We can reduce the total power of a data center by something like 20 per cent which can be used for other things like compute, AI. It’s 20 per cent of their total data center power we can now give back to them. So it’s like a new power source.

So, if flash storage is as lucrative as you’re saying, what is still keeping things like SSD in the fight?

Part of the reason is a hard disk has been very cheap for decades and Flash used to be very expensive.

Now Flash is still a little bit more expensive than hard disk, but it’s coming down at a faster rate than hard disk. And then our technology, we’re the only company that provides what we call Direct Flash. that is more efficient and provides greater performance than say SSDs.

And because of that, it allows us to be the first to get into these major data center opportunities.

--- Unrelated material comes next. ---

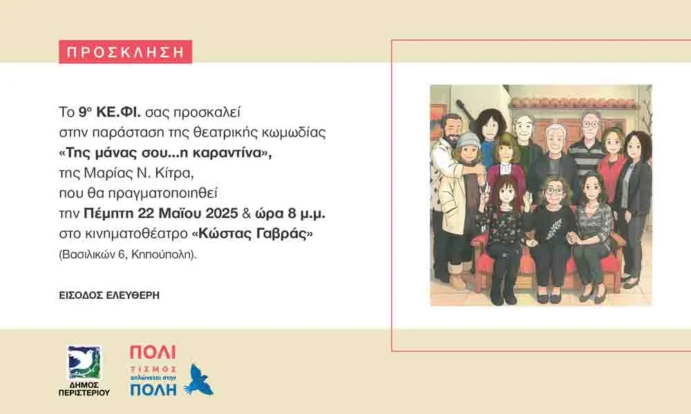 Μια ξεκαρδιστική θεατρική κωμωδία παρουσιάζει το 9ο Κέντρο Φιλίας (ΚΕ.ΦΙ.) του Δήμου Περιστερίου, την Πέμπτη 22 Μαΐου 2025 και ώρα 20:00, στο κινηματοθέατρο «Κώστας Γαβράς» (Βασιλικών 6, Κηπούπολη). Η είσοδος είναι ελεύθερη, με σειρά προσέλευσης.

Infrastructure-wise, would I be seeing a very drastic change in how data centers look?

You would. About 25-30 per cent floor space in a data center today are these racks of hard drives. We can replace that with something like 5 per cent of the floor space. So you wouldn’t even see the storage in a sense.

Also, all of those hard drives are making a huge amount of noise. Our system is almost entirely quiet, except for the fans.

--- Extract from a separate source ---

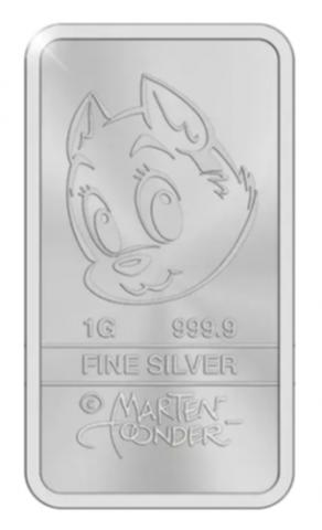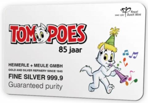 Una edición única para el 85.º cumpleaños de Tom Poes. Especialmente para celebrar el cumpleaños de Tom Poes, el gato blanco favorito de los Países Bajos, amigo y eterno salvador, la Real Casa de la Moneda de los Países Bajos lanza una barra de plata de 1 gramo. Sin duda, es la barra de plata más especial que jamás hayas visto: ¡una pieza imprescindible!

Have you been in talks with the government, the Indian government recently, in terms of data centers?

Not so much, although it’s our plan on a worldwide basis. We’ve been getting much more involved with government authorities, because power is a big concern.

We need to make governments aware that they can save, reduce the amount of power constraints, both for a business and for consumers, by this. It’s like - if you think about LED lighting, it was expensive at the beginning but governments globally encouraged its use as they used less than one-tenth of the amount of power of the incandescent light bulbs.

What kind of security challenges have you been facing over the time?

Ransomware has started to become a very large concern. For storage vendors, there’s been a great demand to provide “immutable copies.” Say your data has been encrypted by ransomware. You either you pay the threat actor, or if you’ve made a copy before it was encrypted, and you can recover from that copy rapidly. That’s a set of capabilities that we provide; the ability to detect whether your data’s being violated.

Will Pure Storage be able to protect against quantum computer attacks?

One of the concerns around quantum computing is it’s very good at factoring prime numbers, on which many algorithm encryptions are based.

And so the fear is that when quantum computing gets large enough, it could decrypt everything that we do today.

That is about 10 years off right now, but the National Institute of Standards (NIST) in the US is already standardizing post quantum cryptography, algorithms not based on primes that quantum computers are not good at.

So, algorithms for encryption that quantum computers are not good at, will become a set of standards probably in the next year. As soon as the standards are set, we’ll move to those and we should be in good shape.